Exercise: Scan the entries for the word "Check". Every line that has it should be copied.

Items from a data source:
%%

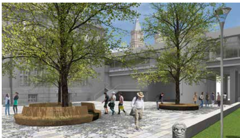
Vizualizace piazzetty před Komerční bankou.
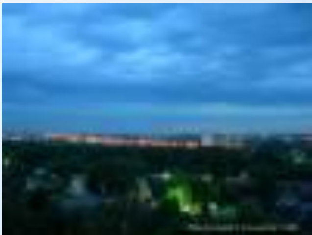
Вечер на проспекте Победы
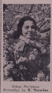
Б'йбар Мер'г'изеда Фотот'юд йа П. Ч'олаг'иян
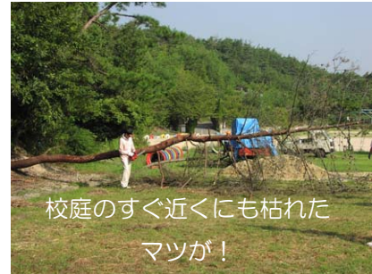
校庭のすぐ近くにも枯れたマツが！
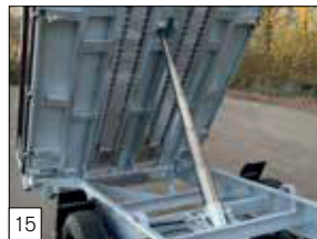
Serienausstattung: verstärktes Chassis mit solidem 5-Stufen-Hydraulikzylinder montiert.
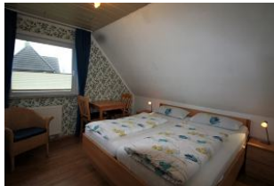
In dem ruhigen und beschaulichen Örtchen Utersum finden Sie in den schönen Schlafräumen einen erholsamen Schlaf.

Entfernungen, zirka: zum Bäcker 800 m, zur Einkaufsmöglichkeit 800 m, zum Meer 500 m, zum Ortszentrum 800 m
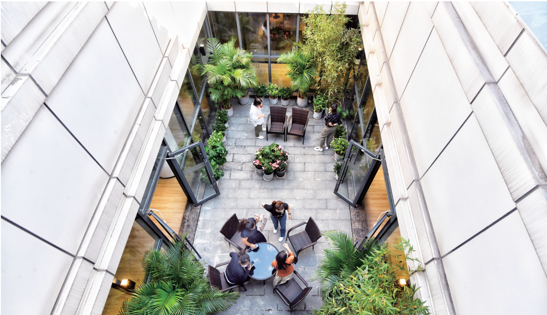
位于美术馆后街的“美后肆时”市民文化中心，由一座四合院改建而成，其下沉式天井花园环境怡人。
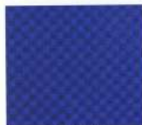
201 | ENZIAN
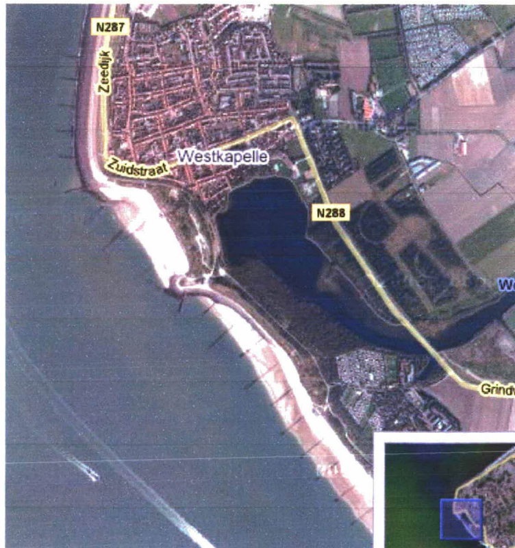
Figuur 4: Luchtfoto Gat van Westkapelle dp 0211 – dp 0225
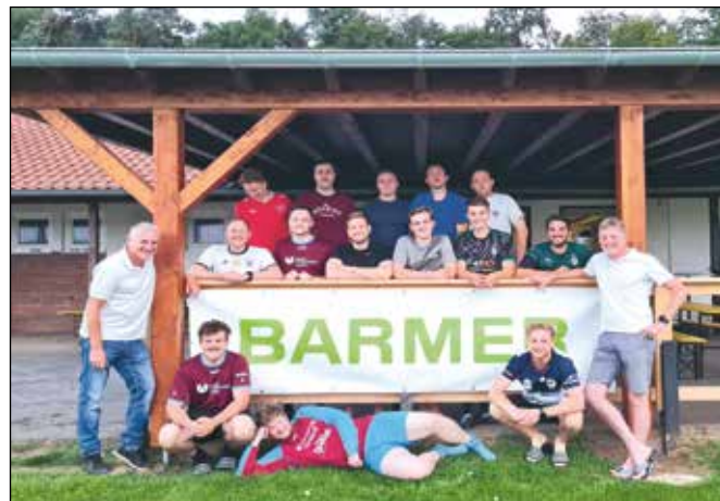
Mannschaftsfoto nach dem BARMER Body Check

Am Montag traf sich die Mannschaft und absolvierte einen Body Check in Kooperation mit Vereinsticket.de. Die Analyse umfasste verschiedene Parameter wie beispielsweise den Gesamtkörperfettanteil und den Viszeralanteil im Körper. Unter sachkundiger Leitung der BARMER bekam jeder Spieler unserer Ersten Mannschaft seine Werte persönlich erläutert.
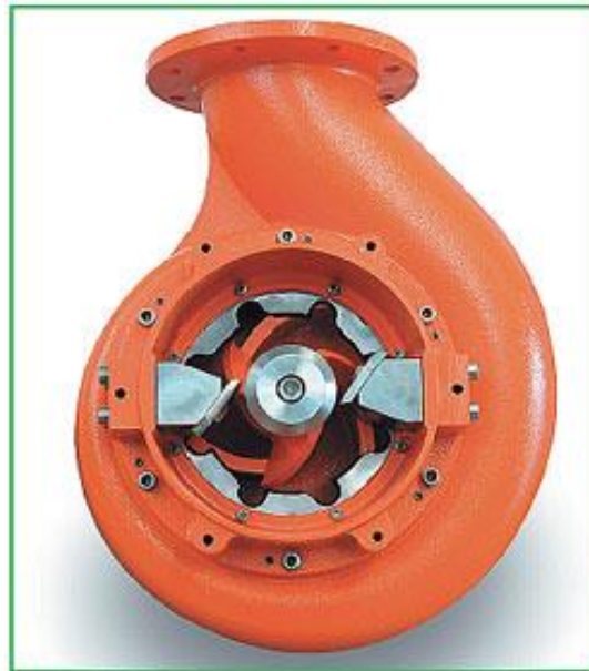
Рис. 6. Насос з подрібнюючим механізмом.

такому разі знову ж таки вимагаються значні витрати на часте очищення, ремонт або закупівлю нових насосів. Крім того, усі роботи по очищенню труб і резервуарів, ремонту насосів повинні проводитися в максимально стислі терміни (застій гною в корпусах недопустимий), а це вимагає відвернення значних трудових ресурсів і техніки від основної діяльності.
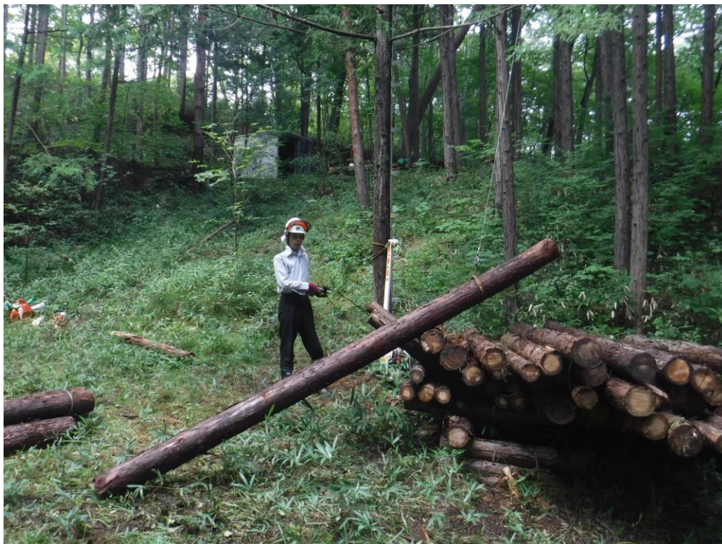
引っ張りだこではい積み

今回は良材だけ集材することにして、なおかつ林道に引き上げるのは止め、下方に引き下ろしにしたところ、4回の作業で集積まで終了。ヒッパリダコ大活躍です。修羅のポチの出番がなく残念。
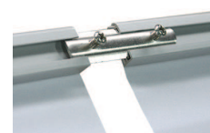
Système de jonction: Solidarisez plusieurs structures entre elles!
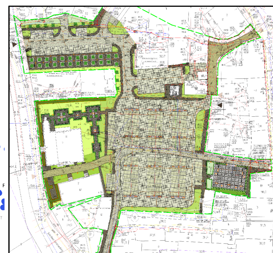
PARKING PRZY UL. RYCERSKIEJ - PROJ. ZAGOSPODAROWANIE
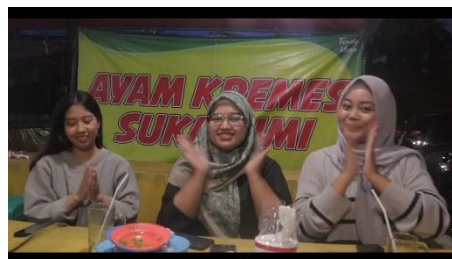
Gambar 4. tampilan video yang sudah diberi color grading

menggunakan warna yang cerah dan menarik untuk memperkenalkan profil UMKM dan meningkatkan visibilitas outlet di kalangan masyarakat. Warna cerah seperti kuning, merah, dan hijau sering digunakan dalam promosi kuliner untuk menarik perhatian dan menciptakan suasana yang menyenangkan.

%%

Answer below:
Mannschaftsfoto nach dem BARMER Body Check
Am Montag traf sich die Mannschaft und absolvierte einen Body Check in Kooperation mit Vereinsticket.de. Die Analyse umfasste verschiedene Parameter wie beispielsweise den Gesamtkörperfettanteil und den Viszeralanteil im Körper. Unter sachkundiger Leitung der BARMER bekam jeder Spieler unserer Ersten Mannschaft seine Werte persönlich erläutert.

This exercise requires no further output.